Peter Lake, a simple,
uneducated man, because of a love that, at first he does not fully
understand, is driven to stop time and bring back the dead. His great
struggle, in a city ever alight with its own energy and besieged by
unprecedented winters, is one of the most beautiful and extraordinary
stories of American literature. (via Goodreads)
Thoughts: I bought this book because I had hoped to go and see the film version of this book, which was released in North America on Feb. 14, and I had started out with high hopes for the book. Based on how the book started out, I had hoped that this book would live up to the expectations that I had built up for this book and I ended up being a bit disappointed.
While I did like the author's use of words and how he described the rich atmosphere of the book early on in the book, I felt that it just kinda fell flat and by the end I just wanted the book to end. I realize that this was my first foray into paranormal fiction and so I didn't really know what to expect and how I would react to such a book.
It's not that I didn't have times where I enjoyed reading the book, its just that I felt that it was maybe a little too long and that the book could have been much more effective and cohesive if somebody had cut 200-300 pages; it didn't really need the 700+ pages to describe what it did.

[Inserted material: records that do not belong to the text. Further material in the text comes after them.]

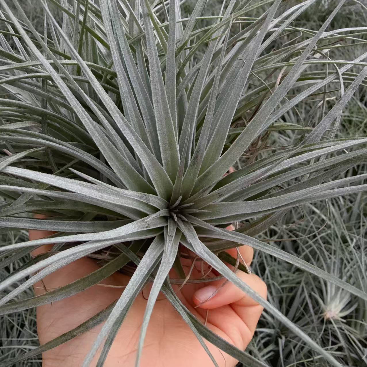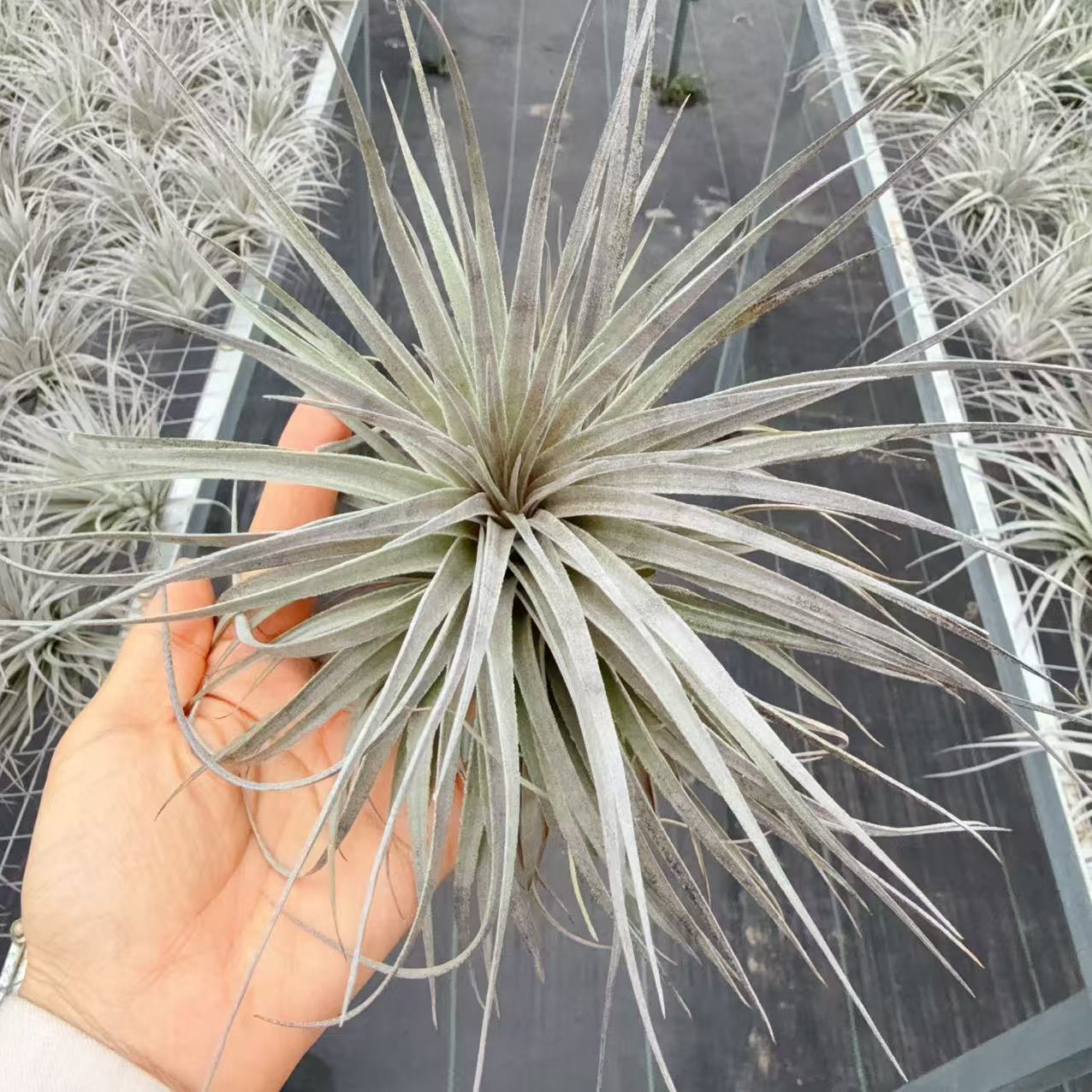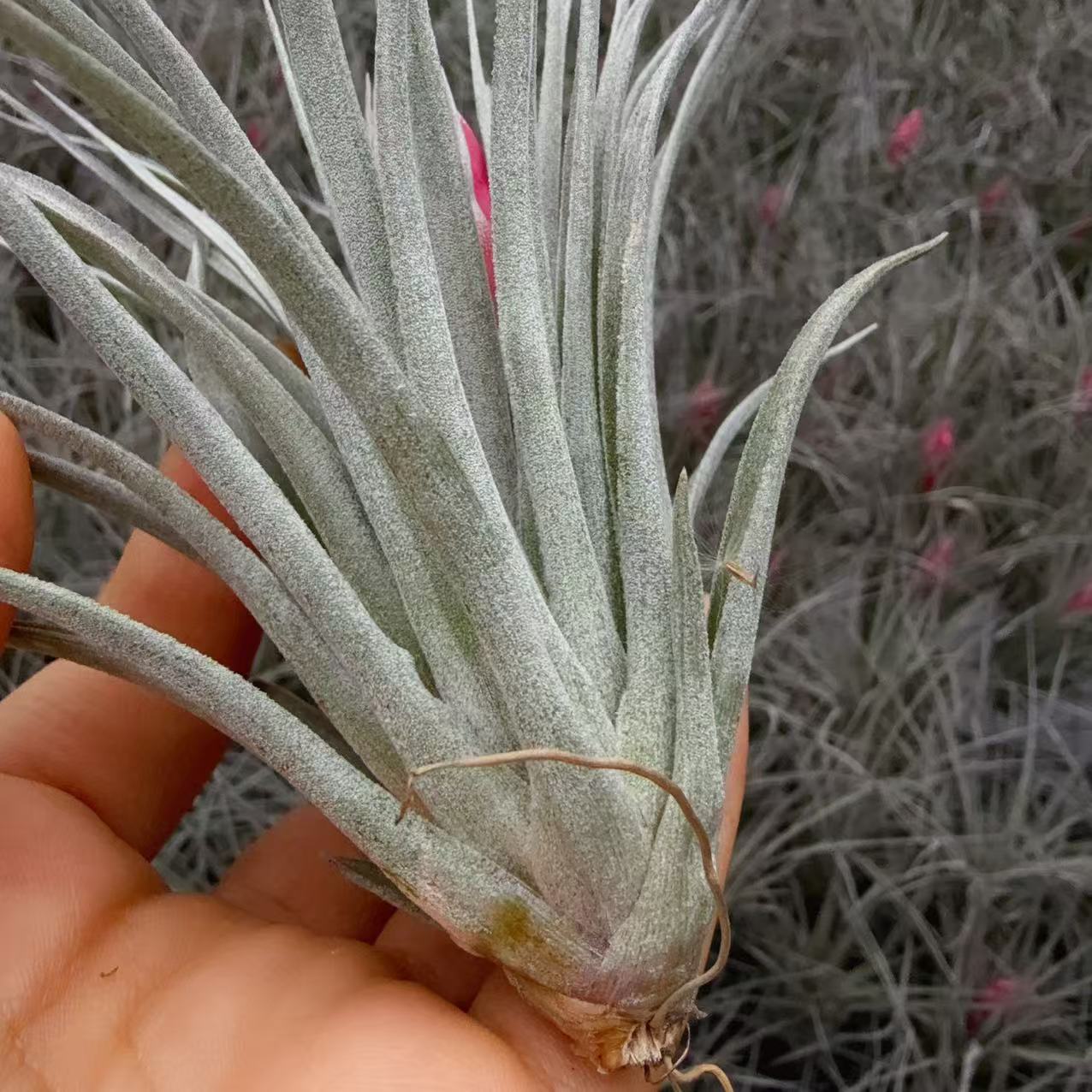 又名修士顿,音译,与棉花糖非常相似,是空气凤梨中少数的美花品种之一,株型舒展,花期呈枚红色花箭,层层开出粉红色花朵,很有观赏性,普货中相当受欢迎的品种。
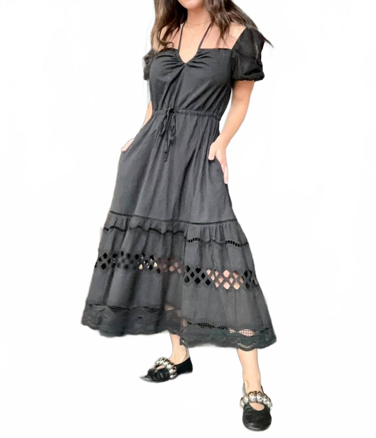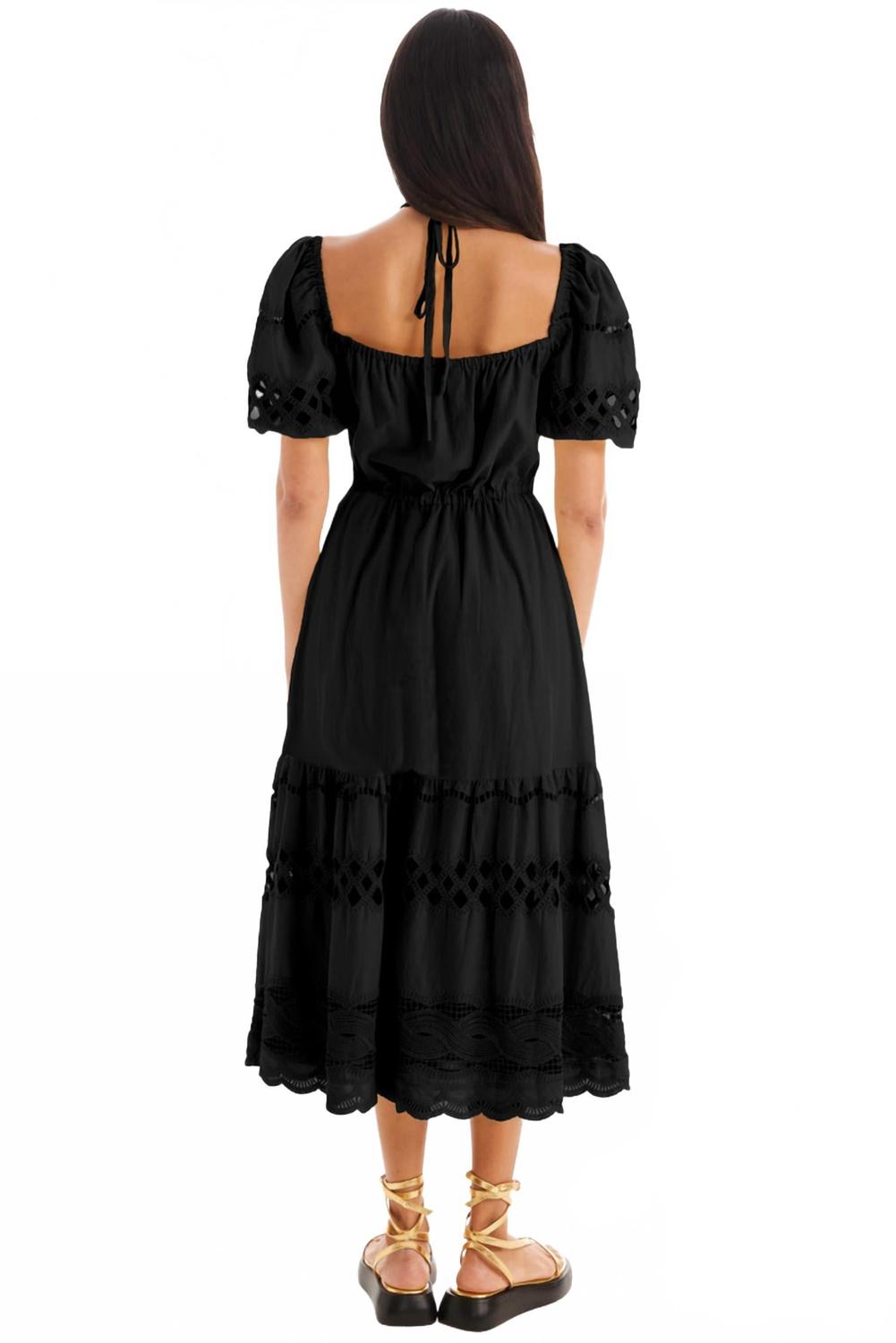Откройте для себя платье миди Emilia от ALLISON NEW YORK - минималистичное изделие, идеально подходящее для весеннего сезона. Это платье А-силуэта из мягкого и легкого 100% хлопка с вышитыми ажурными деталями, короткими рукавами и регулируемым V-образным вырезом. Длина платья - 122 см, обхват груди - 96 см, а талии - 86 см. Платье создано для стильного и комфортного ношения и требует только химчистки. Рост модели - 175 см, размер S - черный, что гармонично сочетается с элегантным минималистичным трендом.
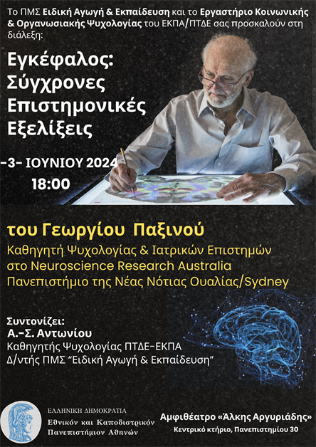 Διάλεξη του Δρ. Γιώργου Παξινού με τίτλο: «Εγκέφαλος: Σύγχρονες επιστημονικές ανακαλύψεις». Οργάνωση: ΠΜΣ Ειδική Αγωγή & Εκπαίδευση, Εργαστήριο Κοινωνικής & Οργανωσιακής Ψυχολογίας του ΕΚΠΑ/ΠΤΔΕ Calendar Προσθήκη στο Ημερολόγιο Προσθήκη σε Timely Ημερολόγιο Προσθήκη σε Google Προσθέστε στο Outlook Προσθέστε στο Apple ημερολόγιο Προσθέστε σε άλλα ημερολόγια Export to XML Πότε: 03/06/2024 @ 18:00 2024-06-03T18:00:00+03:00 2024-06-03T18:15:00+03:00 Πλοήγηση άρθρωνΠροηγούμενο: Αφηγηματικό δρώμενο από την Εύη Γεροκώστα, βασισμένο στο βιβλίο του Χρ. Μπουλώτη «Ο καυχησιάρης κόκορας που ήθελε να γίνει πλανητάρχης» στο Ελληνοαμερικανικό Κολλέγιο Αθηνών Λάτσειο (Κάντζα)Επόμενο: 3ο Φεστιβάλ Βιβλίου Χανίων – «Ταξιδεύοντας με τη φαντασία»
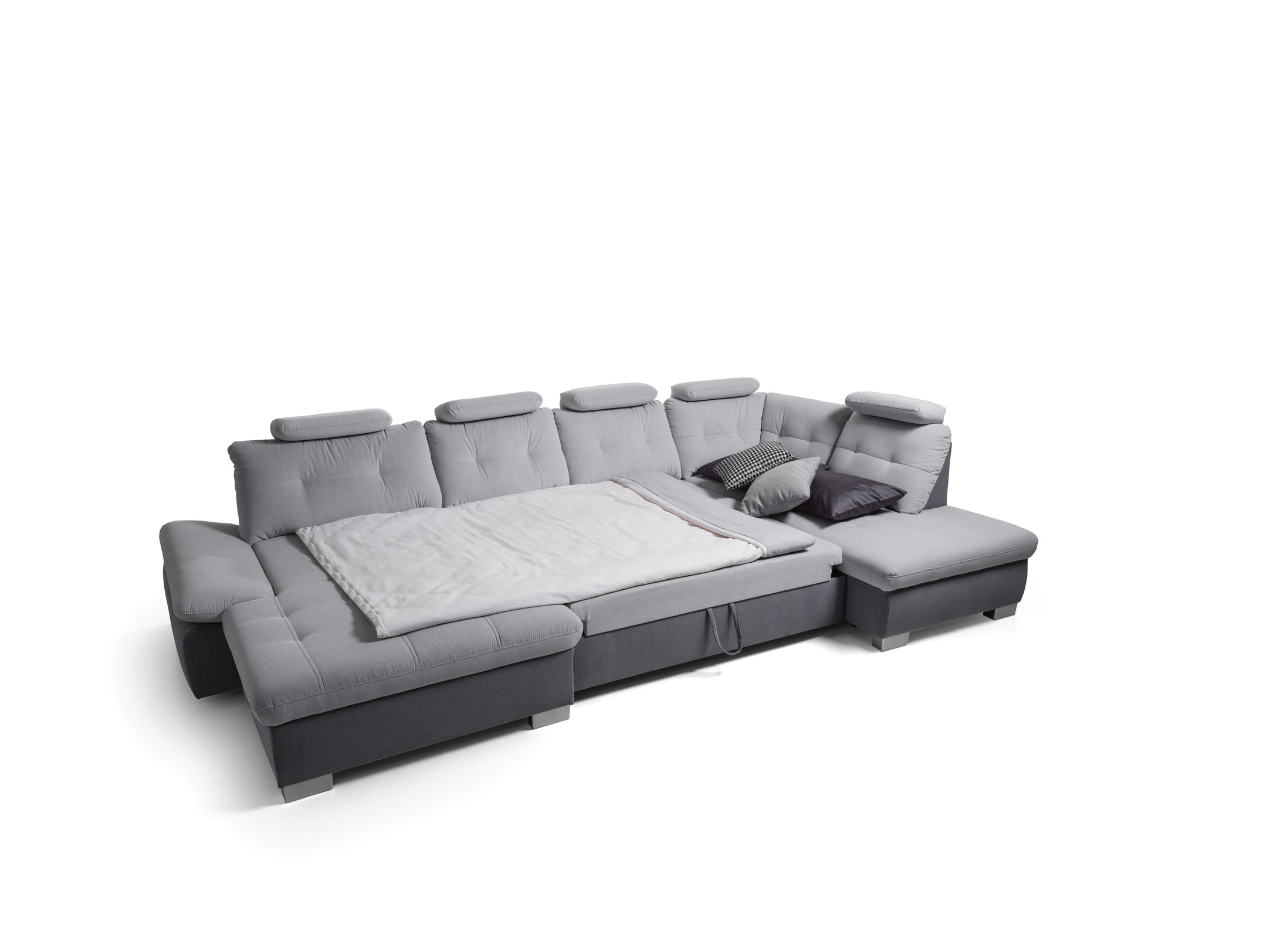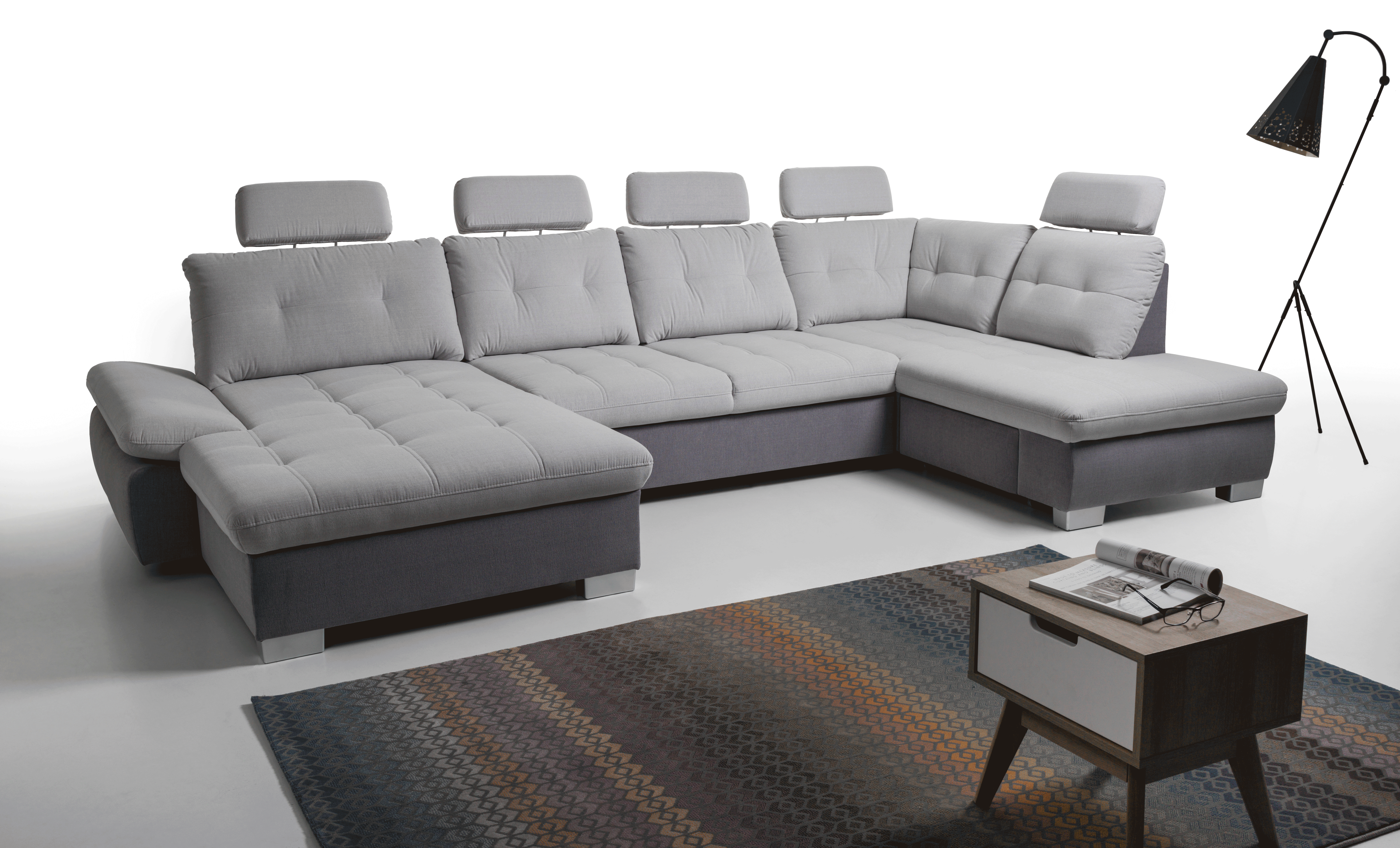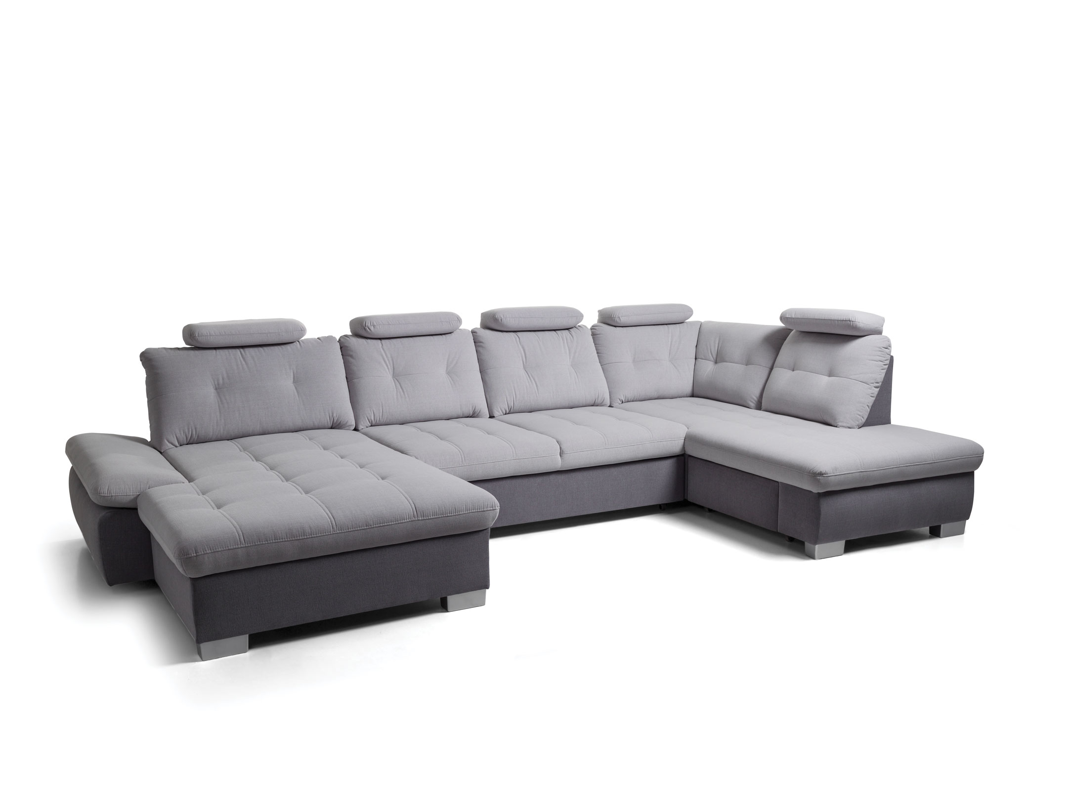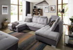 190 cm x 360 cm x 205 cm-es ágynak nyitható, ágyneműtartós U sarokgarnitúra állásban, színben és kárpit típusban rendelhető, akár valódi bőr kárpittal is. A fix háttámlákat opcionálisan áthelyezhető fejtámlákkal egészíthet ki, melyek dőlésszöge változtatható. A karfa ugyancsak állítható. A bútorhoz extra deréktámasztó párna is rendelhető. A Colombo U alakú sarokgarnitúrában ágygépes rendszerű vendégágy funkció és fiókos ágyneműtartó található. A háttámlák mélységükben változtatható így mindenki úgy alakíthatja magának a bútort ahogy neki kényelmes. Tűzött háttámlái és ülőfelülete modern megjelenést biztosítanak. A minőségi bútorvázat hullámrugók és hideg habszivacs borítja amely így tökéletes kényelmet nyújt használójának. Ugyanebből a bútorcsaládból több méretben L alakú változatot is talál kínálatunkban.

Bottom line: If you absolutely love paranormal fiction, you maybe should give this one a try. I realize that this a very long book, but one really does get swept up into the story and at times you really don't feel like you are reading so much. Otherwise, I would probably give this one a pass and read something that I would enjoy. Recommended. As for me, I really gave this book a chance and this genre a chance and I honestly don't know if I could read much more of the paranormal genre.